Todo comenzó cuando la profesora del taller nos invitó a crear nuestra propia obra
para ponerla en escena. El ejercicio consistía en mostrar a través de una
dramatización cuáles eran nuestros sueños incumplidos, es decir, aquello que nos
gustaría que pasara pero que sabíamos sería muy difícil. Muchos compañeros
presentaron situaciones en donde se mostraban alcanzando la profesión que
deseaban ejercer cuando grandes: ser modelos, futbolistas, veterinarias y, obvio,
actores y actrices. Otros fueron más imaginativos e idearon situaciones insólitas:
poder volar, dar la vuelta al mundo en un globo aerostático, convertirse en una oruga
o una mariposa, incluso alguno pensó en ser un personaje de caricatura. Yo, por
supuesto, quise contar sobre las ganas que siempre había tenido de conocer el mar.
Conocer el mar me parecía un sueño imposible porque nunca, hasta entonces, había
salido de Santiago. Es más, hay incluso comunas en las que jamás he estado. Mi
familia es muy humilde, mi padre se esfuerza mucho trabajando, pero es difícil en
estos días mantener a seis hijos y una esposa. Por esta razón sabía que era
improbable para mis padres poder viajar y pensaba que estaba destinada a pasar
toda mi vida en esta ciudad.
El día en que finalmente presenté mi ejercicio, a la profesora le agradó muchísimo.
Me dijo que mi sueño imposible le parecía tan legítimo (aunque yo no comprendí lo
que quería expresar esa palabra), que iba a buscar la forma de hacerlo realidad.
Cuando volvimos de las vacaciones de invierno la profesora del taller me dijo que
tenía una sorpresa para mí: se trataba de una invitación a Valparaíso.

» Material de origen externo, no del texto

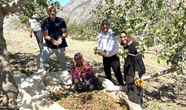 Karaman Ziraat Odası Başkanı Mehmet Bayram, Tarım ve Orman İl Müdürü Yusuf Şahinbaş, Çukur Köyünde Antep Fıstığı hasadı yapan köylüleri ziyaret etti hasata katıldı.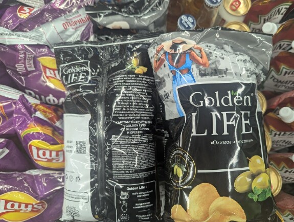 Сколько по телевизору не говори про загнивание, а «золотая жизнь» всё равно ассоциируется в Европой, оливками и орегано, а не Колымой, тушёнкой и гречкой. Попытка создать новый бренд от ООО «Московский картофель» (Калужская область).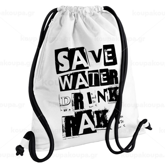 Save Water, Drink RAKI, Τσάντα πλάτης πουγκί GYMBAG λευκή, με τσέπη (40x48cm) & χονδρά κορδόνια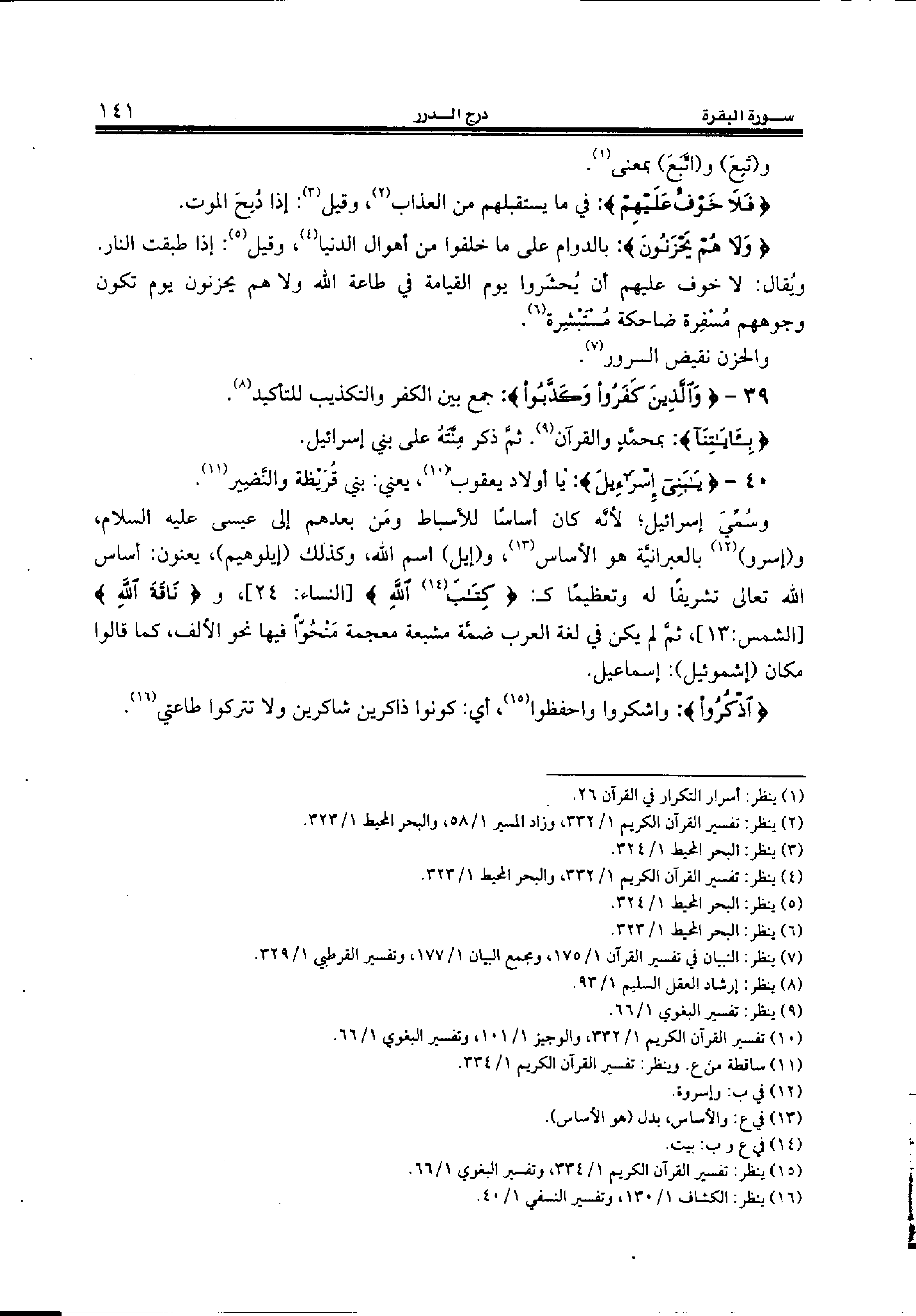 (¬16) ينظر: الكشاف 1/ 130، وتفسير النسفي 1/ 40.

Me explicó que
el Segundo Medio haría una visita al Congreso Nacional, y que la profesora que iba
a cargo de la delegación estuvo de acuerdo en que yo participara de la actividad
aunque fuese bastante más pequeña. Si mis padres me autorizaban, podría cumplir
mi sueño de conocer el mar. Las profesoras hablaron con ellos y todo estuvo
arreglado. Había sólo que esperar el gran día. Moría de felicidad.
El Viernes 27 de Agosto partimos a las 8°°hrs. Mi ansiedad no me permitió dejar de
imaginar:
¿Cómo sería el mar? ¿Cuánta agua cabría en él?¿Qué se sentiría el ver una ola
romper?.
Todos los compañeros (y en realidad todo el colegio) se habían enterado de mi
sueño. Por eso cuando el bus ya estaba llegando al centro de la ciudad de Valparaíso,
desde donde era posible vislumbrar el océano, pusieron una venda en mis ojos. Esto
me enojó mucho en un comienzo, me pareció hasta cruel obligarme a seguir ansiosa,
pero más tarde comprendí sus intenciones y les agradecí porque el impacto que me
causó ver el mar, así de sopetón cuando me quitaron la venda, fue la sensación más
hermosa que he experimentado en mi vida.
Pasé frente al mar las dos horas que duró la visita de los compañeros. Una profesora
se quedó conmigo mientras otros dos profesores cuidaban al grupo. El mar me
maravilló. Era tan distinto de sus fotografías e imágenes postales. Era verde y azul y
verde brillante otra vez como los ojos de mi hermana
Gabriela cuando juega con sus muñecas. El mar iba y venía, iba y venía levantando
sus olas y dejándolas caer, como cuando la mamá cubre y descubre el rostro de mi
hermanito Antonio con una mantilla y él ríe a carcajadas. El mar también ríe a
carcajadas cuando rompen las olas con esa fuerza inmensa que me recuerda al
papá, que siempre llega a casa tan cansado pero dispuesto a compartir con nosotros
en un tremendo abrazo lo que le queda de energía. El mar era inmenso, tan inmenso
como el amor que siento por mi familia y como los deseos que tenía en esos
momentos de que estuvieran junto a mí.